*** Opening Provided information ***

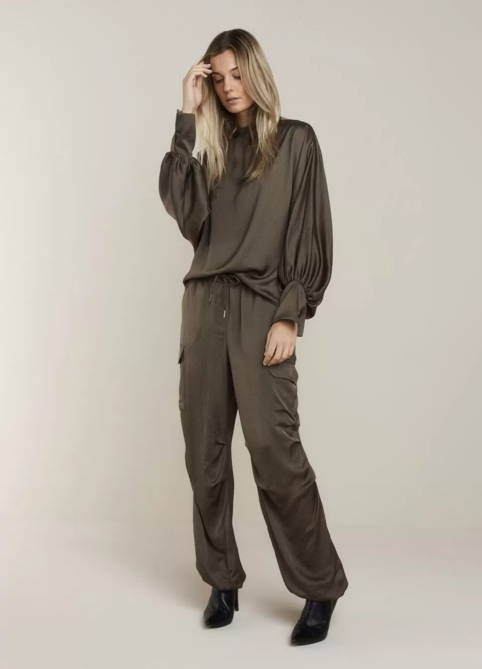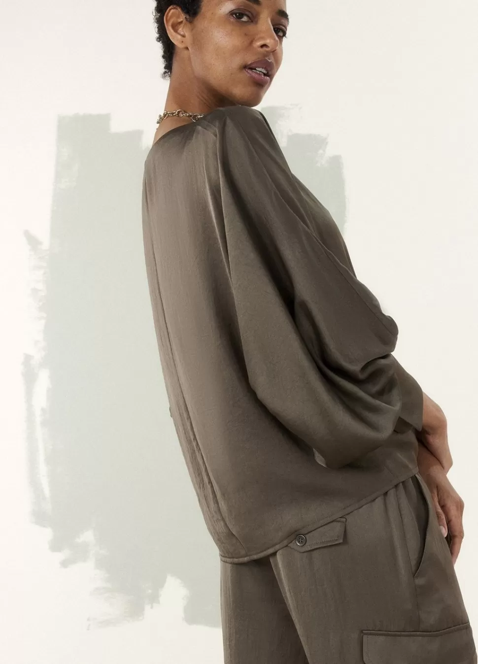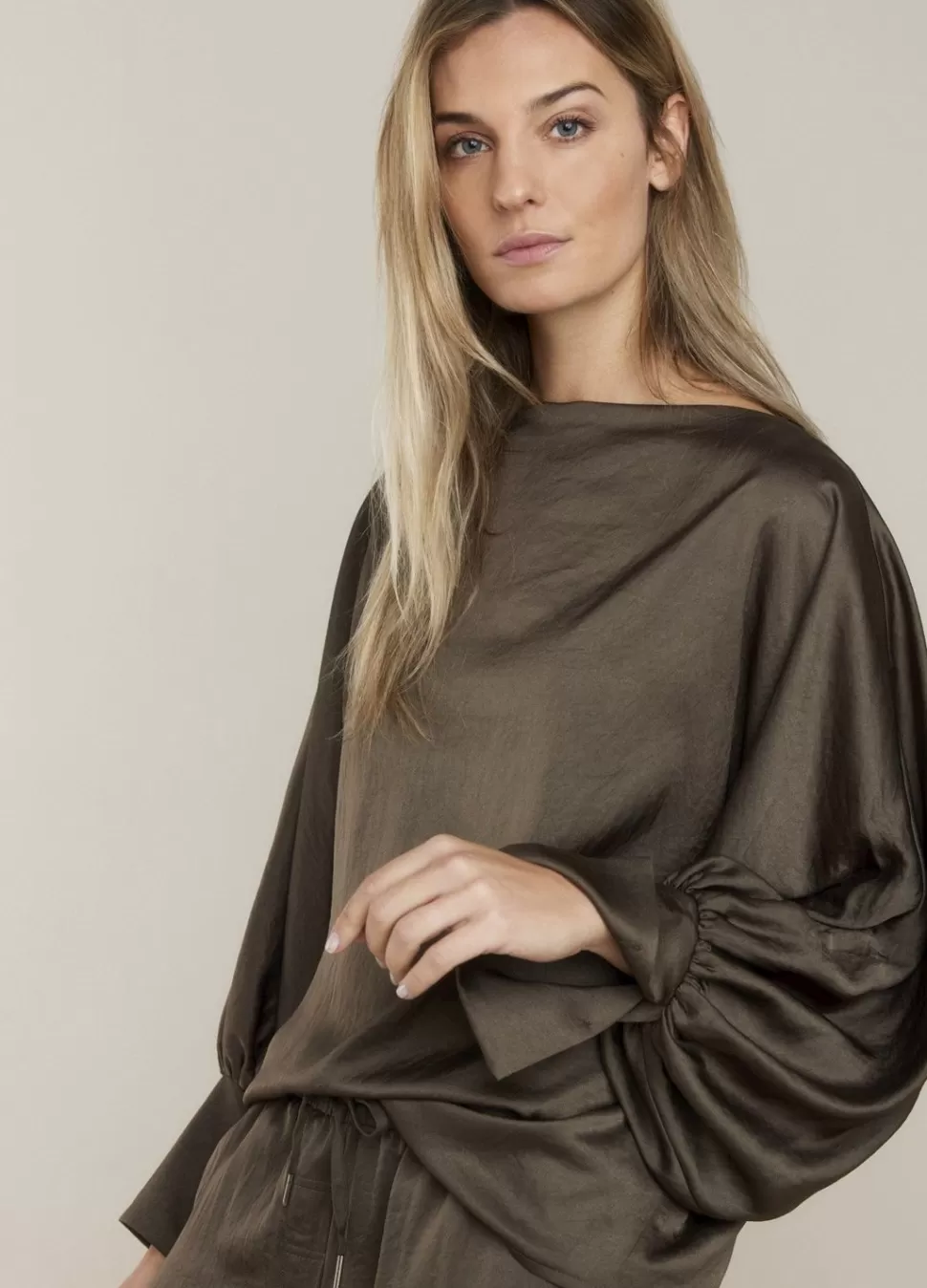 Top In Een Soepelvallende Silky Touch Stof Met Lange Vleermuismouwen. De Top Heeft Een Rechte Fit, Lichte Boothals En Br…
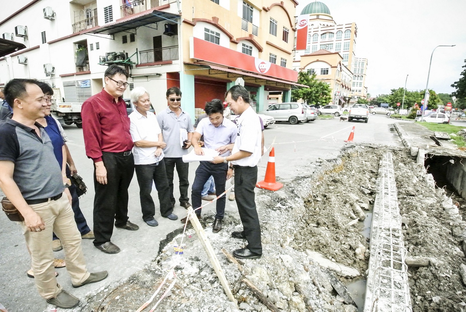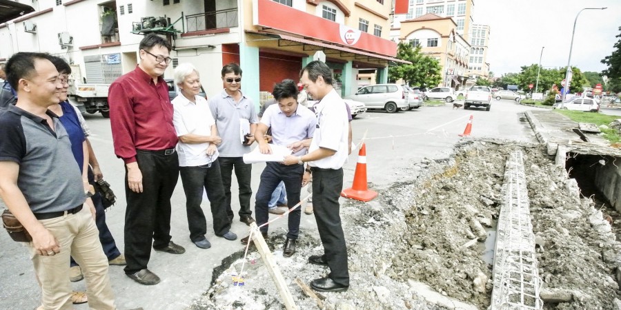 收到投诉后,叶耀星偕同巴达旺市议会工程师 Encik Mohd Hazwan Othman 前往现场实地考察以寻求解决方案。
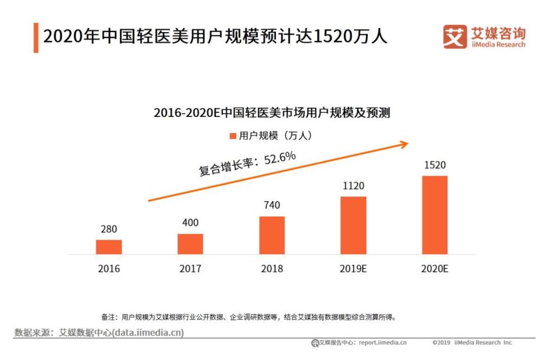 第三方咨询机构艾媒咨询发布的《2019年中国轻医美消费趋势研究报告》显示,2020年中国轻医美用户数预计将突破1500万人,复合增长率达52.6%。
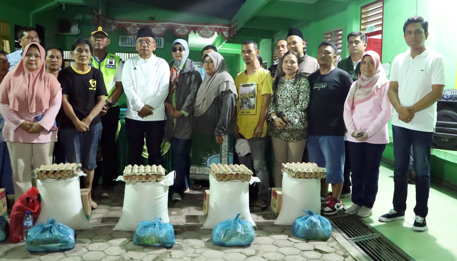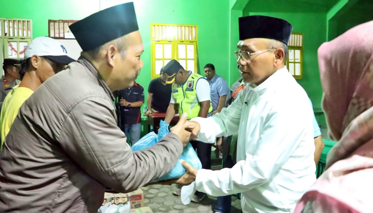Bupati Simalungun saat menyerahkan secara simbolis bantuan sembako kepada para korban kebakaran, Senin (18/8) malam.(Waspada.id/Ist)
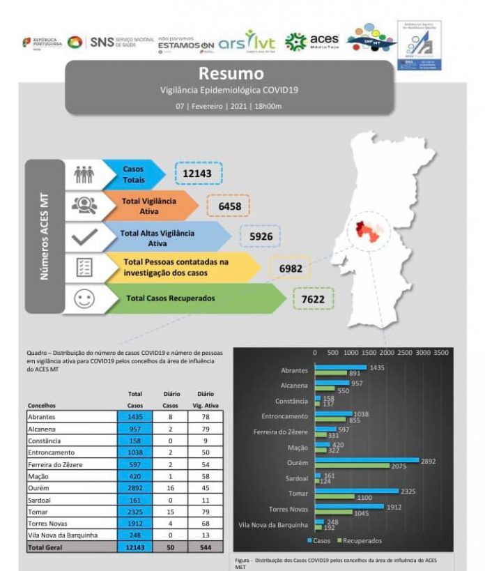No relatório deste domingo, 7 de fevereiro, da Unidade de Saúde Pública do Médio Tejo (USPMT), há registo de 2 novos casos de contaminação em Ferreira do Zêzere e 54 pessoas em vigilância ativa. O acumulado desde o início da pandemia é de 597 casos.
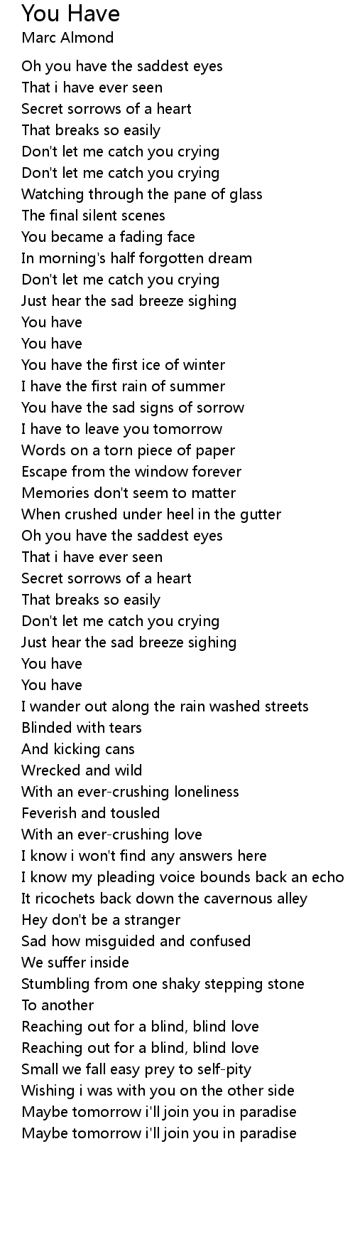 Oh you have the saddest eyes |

*** Closing Provided information ***

*What to do*
Omit the pictures, then print the rest of the listing above exactly.

*Completed exercise*
 Top In Een Soepelvallende Silky Touch Stof Met Lange Vleermuismouwen. De Top Heeft Een Rechte Fit, Lichte Boothals En Br…
 收到投诉后,叶耀星偕同巴达旺市议会工程师 Encik Mohd Hazwan Othman 前往现场实地考察以寻求解决方案。
 第三方咨询机构艾媒咨询发布的《2019年中国轻医美消费趋势研究报告》显示,2020年中国轻医美用户数预计将突破1500万人,复合增长率达52.6%。
Bupati Simalungun saat menyerahkan secara simbolis bantuan sembako kepada para korban kebakaran, Senin (18/8) malam.(Waspada.id/Ist)
No relatório deste domingo, 7 de fevereiro, da Unidade de Saúde Pública do Médio Tejo (USPMT), há registo de 2 novos casos de contaminação em Ferreira do Zêzere e 54 pessoas em vigilância ativa. O acumulado desde o início da pandemia é de 597 casos.
 Oh you have the saddest eyes |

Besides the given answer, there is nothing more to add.